## EXERCISE
The reply should hold nothing except the lines from the one with "Ersatzteile für Rasentraktor" through the end of the entries, duplicated exactly and with no pictures.

## DATA EXTRACT
--*--
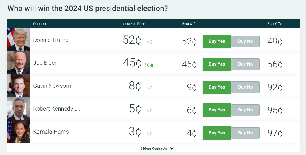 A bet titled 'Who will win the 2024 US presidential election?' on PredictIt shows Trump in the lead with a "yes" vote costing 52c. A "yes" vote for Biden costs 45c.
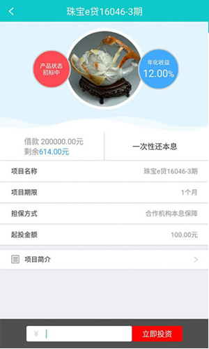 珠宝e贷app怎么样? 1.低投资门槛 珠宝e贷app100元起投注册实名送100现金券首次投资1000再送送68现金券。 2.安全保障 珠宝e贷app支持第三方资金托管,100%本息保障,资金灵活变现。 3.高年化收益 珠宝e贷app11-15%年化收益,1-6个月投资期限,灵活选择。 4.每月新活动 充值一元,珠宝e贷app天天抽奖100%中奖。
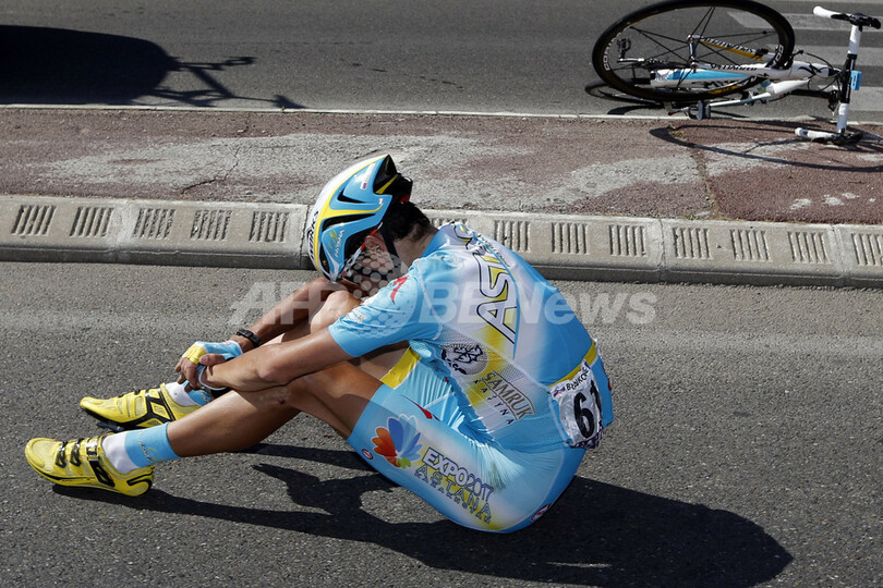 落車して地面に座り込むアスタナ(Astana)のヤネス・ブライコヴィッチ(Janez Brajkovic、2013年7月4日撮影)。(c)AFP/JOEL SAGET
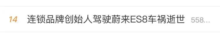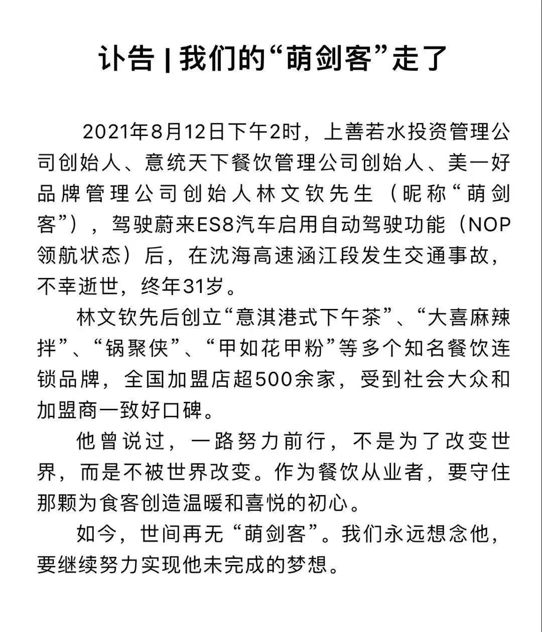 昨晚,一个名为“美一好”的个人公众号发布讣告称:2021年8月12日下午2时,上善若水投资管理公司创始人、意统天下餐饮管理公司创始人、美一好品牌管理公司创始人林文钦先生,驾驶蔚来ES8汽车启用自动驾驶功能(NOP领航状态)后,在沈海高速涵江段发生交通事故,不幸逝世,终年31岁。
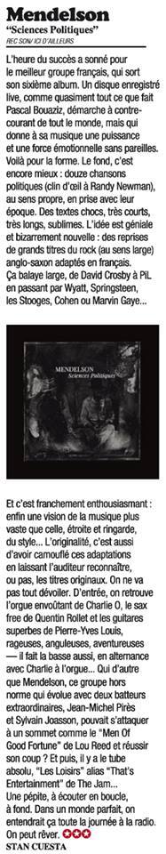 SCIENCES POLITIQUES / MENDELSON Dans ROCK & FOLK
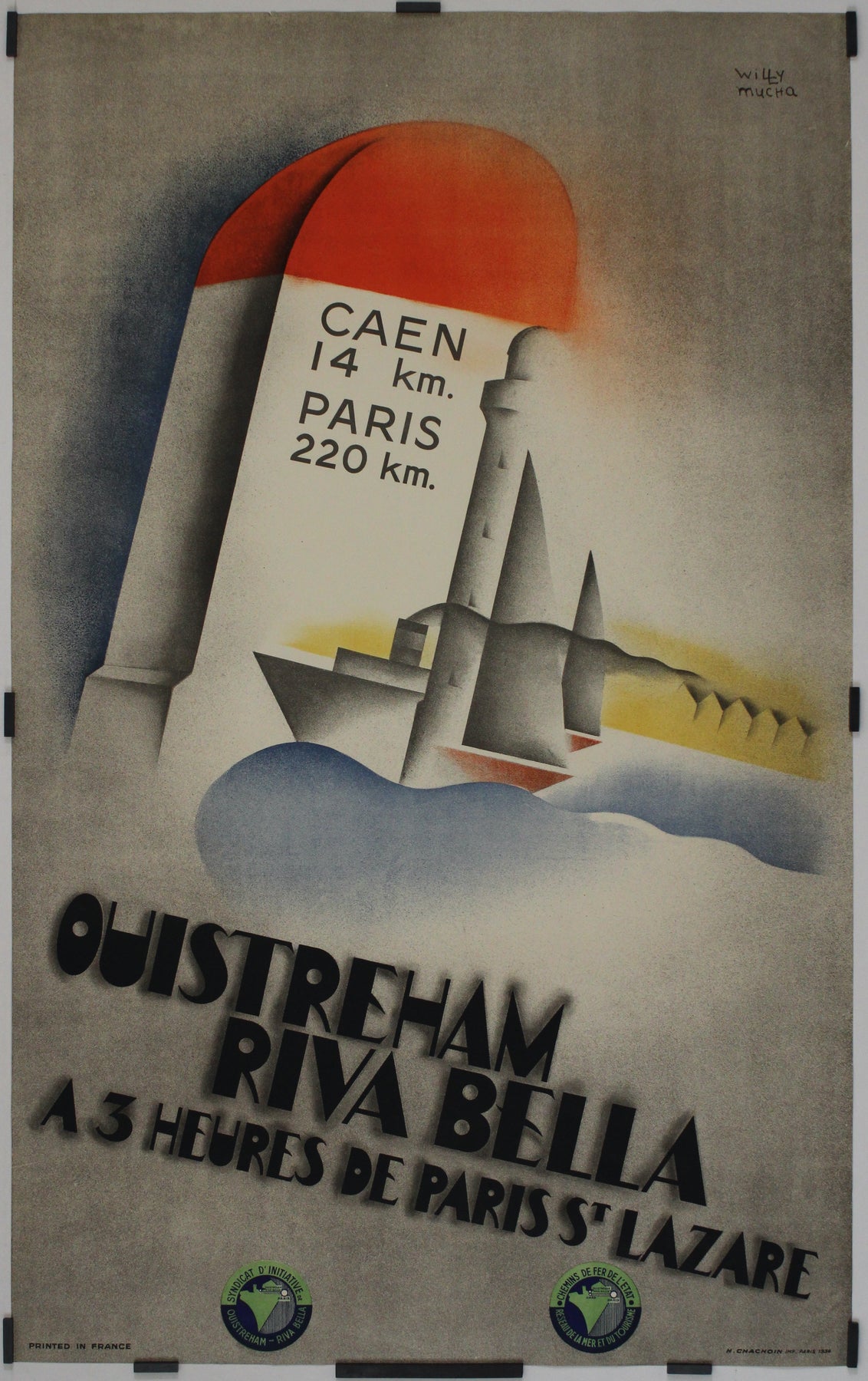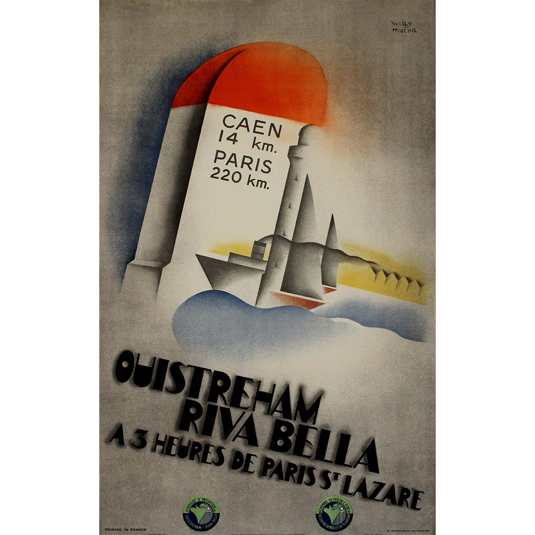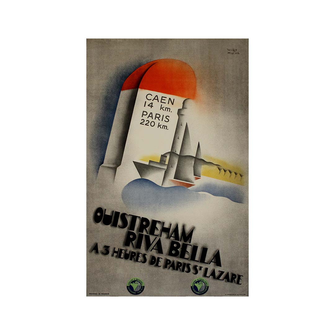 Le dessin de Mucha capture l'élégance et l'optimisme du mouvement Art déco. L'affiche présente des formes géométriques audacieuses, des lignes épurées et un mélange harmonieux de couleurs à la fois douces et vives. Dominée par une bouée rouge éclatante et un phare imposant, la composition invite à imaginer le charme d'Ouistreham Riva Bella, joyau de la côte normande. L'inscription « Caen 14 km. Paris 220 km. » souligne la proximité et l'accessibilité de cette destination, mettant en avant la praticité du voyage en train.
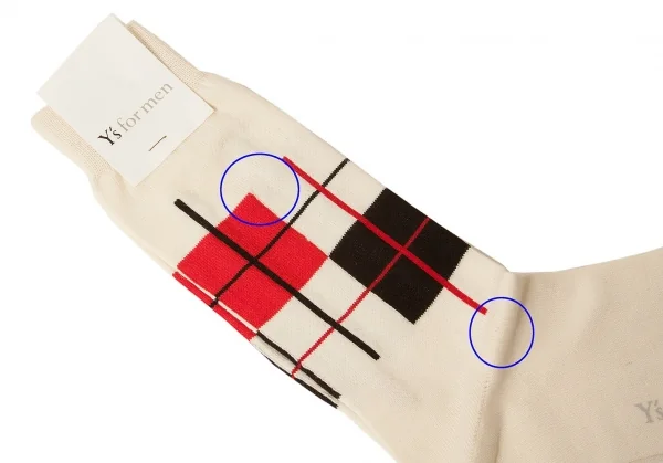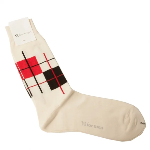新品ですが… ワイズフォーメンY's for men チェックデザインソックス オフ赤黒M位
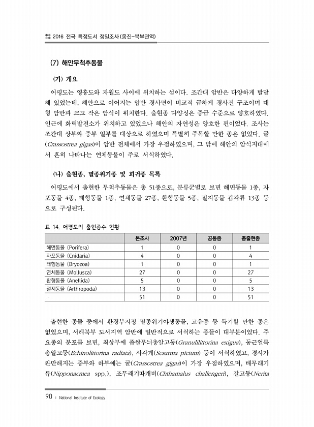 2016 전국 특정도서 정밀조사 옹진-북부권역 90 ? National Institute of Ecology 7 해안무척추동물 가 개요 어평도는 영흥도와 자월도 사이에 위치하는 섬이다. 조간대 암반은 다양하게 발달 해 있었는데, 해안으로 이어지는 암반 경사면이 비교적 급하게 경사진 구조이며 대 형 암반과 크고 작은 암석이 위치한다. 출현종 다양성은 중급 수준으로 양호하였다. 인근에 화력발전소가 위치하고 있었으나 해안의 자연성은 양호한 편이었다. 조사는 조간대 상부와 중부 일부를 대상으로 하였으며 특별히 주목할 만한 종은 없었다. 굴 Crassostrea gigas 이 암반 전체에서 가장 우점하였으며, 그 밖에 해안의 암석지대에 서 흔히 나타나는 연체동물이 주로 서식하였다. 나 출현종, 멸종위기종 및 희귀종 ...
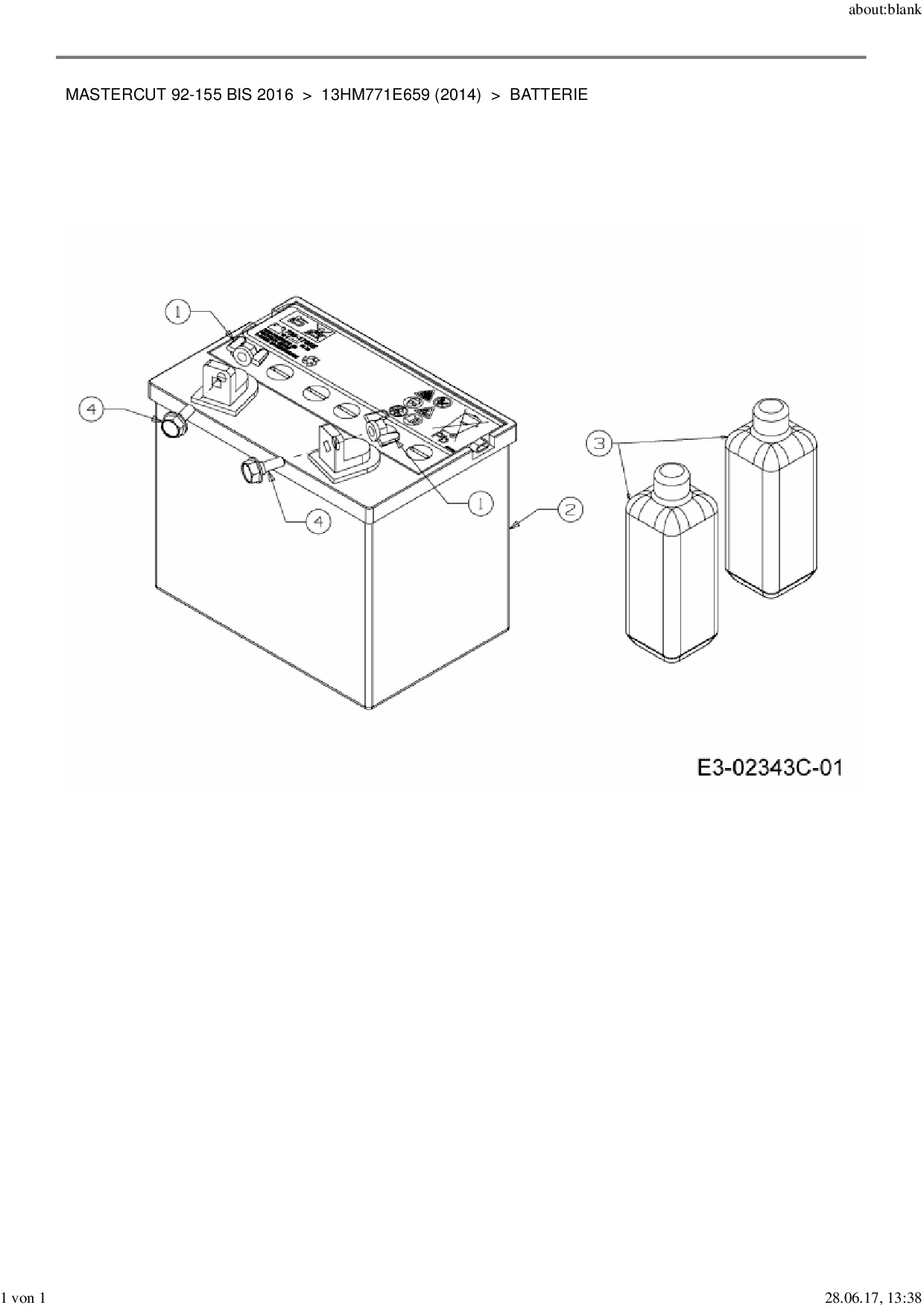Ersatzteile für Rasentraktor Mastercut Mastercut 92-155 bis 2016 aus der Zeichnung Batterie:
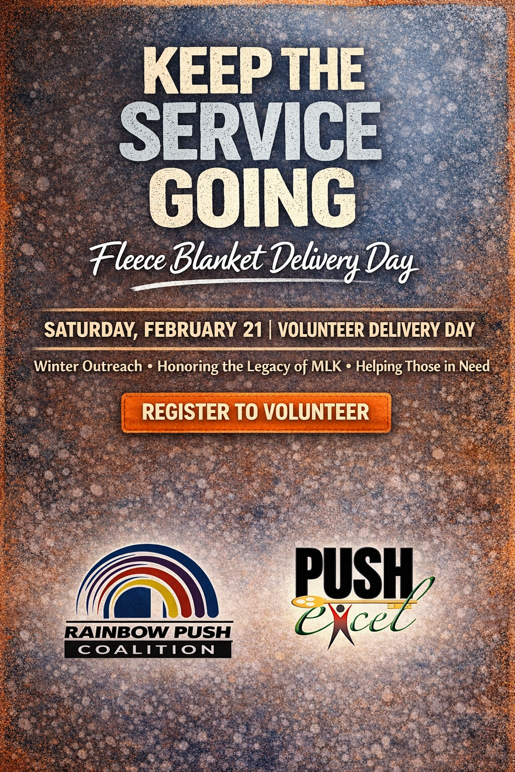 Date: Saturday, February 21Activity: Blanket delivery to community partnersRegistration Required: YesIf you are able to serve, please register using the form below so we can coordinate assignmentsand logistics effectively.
--*--
## OUTPUT FOR THIS TASK
Ersatzteile für Rasentraktor Mastercut Mastercut 92-155 bis 2016 aus der Zeichnung Batterie:
 Date: Saturday, February 21Activity: Blanket delivery to community partnersRegistration Required: YesIf you are able to serve, please register using the form below so we can coordinate assignmentsand logistics effectively.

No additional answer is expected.